▶ [DATA BLOCK]

============================================================

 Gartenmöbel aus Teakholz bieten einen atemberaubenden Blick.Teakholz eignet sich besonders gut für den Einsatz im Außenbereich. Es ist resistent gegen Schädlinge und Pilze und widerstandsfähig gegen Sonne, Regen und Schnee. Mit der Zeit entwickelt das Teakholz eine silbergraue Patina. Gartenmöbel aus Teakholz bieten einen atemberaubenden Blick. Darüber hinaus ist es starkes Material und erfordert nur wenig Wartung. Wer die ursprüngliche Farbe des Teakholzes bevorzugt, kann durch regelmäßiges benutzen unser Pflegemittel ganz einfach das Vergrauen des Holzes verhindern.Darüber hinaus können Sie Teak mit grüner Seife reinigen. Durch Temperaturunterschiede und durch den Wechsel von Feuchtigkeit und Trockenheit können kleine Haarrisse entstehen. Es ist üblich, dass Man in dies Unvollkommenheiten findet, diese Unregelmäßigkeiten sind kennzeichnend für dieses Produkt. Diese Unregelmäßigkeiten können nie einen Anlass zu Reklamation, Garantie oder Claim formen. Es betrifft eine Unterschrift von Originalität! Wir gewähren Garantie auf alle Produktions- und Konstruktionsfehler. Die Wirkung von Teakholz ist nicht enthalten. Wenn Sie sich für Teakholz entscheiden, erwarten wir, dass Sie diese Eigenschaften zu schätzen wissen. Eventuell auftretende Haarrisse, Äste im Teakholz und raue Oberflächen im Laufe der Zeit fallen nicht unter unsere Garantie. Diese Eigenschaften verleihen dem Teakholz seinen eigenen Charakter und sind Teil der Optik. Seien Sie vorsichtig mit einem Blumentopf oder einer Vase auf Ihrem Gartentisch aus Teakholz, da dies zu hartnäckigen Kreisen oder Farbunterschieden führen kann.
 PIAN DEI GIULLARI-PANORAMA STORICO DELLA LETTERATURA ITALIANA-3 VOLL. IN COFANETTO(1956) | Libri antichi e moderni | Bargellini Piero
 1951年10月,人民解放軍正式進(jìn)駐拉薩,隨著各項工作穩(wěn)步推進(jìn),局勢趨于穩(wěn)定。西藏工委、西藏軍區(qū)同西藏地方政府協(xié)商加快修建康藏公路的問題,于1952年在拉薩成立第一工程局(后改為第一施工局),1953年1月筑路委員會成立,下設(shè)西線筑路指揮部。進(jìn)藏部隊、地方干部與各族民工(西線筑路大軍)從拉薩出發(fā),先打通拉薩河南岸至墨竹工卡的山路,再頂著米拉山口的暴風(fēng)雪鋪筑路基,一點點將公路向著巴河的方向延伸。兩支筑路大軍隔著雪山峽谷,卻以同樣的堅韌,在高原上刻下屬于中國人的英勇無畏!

============================================================

Beginning with the first line above, transcribe all of the data exactly.

 Gartenmöbel aus Teakholz bieten einen atemberaubenden Blick.Teakholz eignet sich besonders gut für den Einsatz im Außenbereich. Es ist resistent gegen Schädlinge und Pilze und widerstandsfähig gegen Sonne, Regen und Schnee. Mit der Zeit entwickelt das Teakholz eine silbergraue Patina. Gartenmöbel aus Teakholz bieten einen atemberaubenden Blick. Darüber hinaus ist es starkes Material und erfordert nur wenig Wartung. Wer die ursprüngliche Farbe des Teakholzes bevorzugt, kann durch regelmäßiges benutzen unser Pflegemittel ganz einfach das Vergrauen des Holzes verhindern.Darüber hinaus können Sie Teak mit grüner Seife reinigen. Durch Temperaturunterschiede und durch den Wechsel von Feuchtigkeit und Trockenheit können kleine Haarrisse entstehen. Es ist üblich, dass Man in dies Unvollkommenheiten findet, diese Unregelmäßigkeiten sind kennzeichnend für dieses Produkt. Diese Unregelmäßigkeiten können nie einen Anlass zu Reklamation, Garantie oder Claim formen. Es betrifft eine Unterschrift von Originalität! Wir gewähren Garantie auf alle Produktions- und Konstruktionsfehler. Die Wirkung von Teakholz ist nicht enthalten. Wenn Sie sich für Teakholz entscheiden, erwarten wir, dass Sie diese Eigenschaften zu schätzen wissen. Eventuell auftretende Haarrisse, Äste im Teakholz und raue Oberflächen im Laufe der Zeit fallen nicht unter unsere Garantie. Diese Eigenschaften verleihen dem Teakholz seinen eigenen Charakter und sind Teil der Optik. Seien Sie vorsichtig mit einem Blumentopf oder einer Vase auf Ihrem Gartentisch aus Teakholz, da dies zu hartnäckigen Kreisen oder Farbunterschieden führen kann.
 PIAN DEI GIULLARI-PANORAMA STORICO DELLA LETTERATURA ITALIANA-3 VOLL. IN COFANETTO(1956) | Libri antichi e moderni | Bargellini Piero
 1951年10月,人民解放軍正式進(jìn)駐拉薩,隨著各項工作穩(wěn)步推進(jìn),局勢趨于穩(wěn)定。西藏工委、西藏軍區(qū)同西藏地方政府協(xié)商加快修建康藏公路的問題,于1952年在拉薩成立第一工程局(后改為第一施工局),1953年1月筑路委員會成立,下設(shè)西線筑路指揮部。進(jìn)藏部隊、地方干部與各族民工(西線筑路大軍)從拉薩出發(fā),先打通拉薩河南岸至墨竹工卡的山路,再頂著米拉山口的暴風(fēng)雪鋪筑路基,一點點將公路向著巴河的方向延伸。兩支筑路大軍隔著雪山峽谷,卻以同樣的堅韌,在高原上刻下屬于中國人的英勇無畏!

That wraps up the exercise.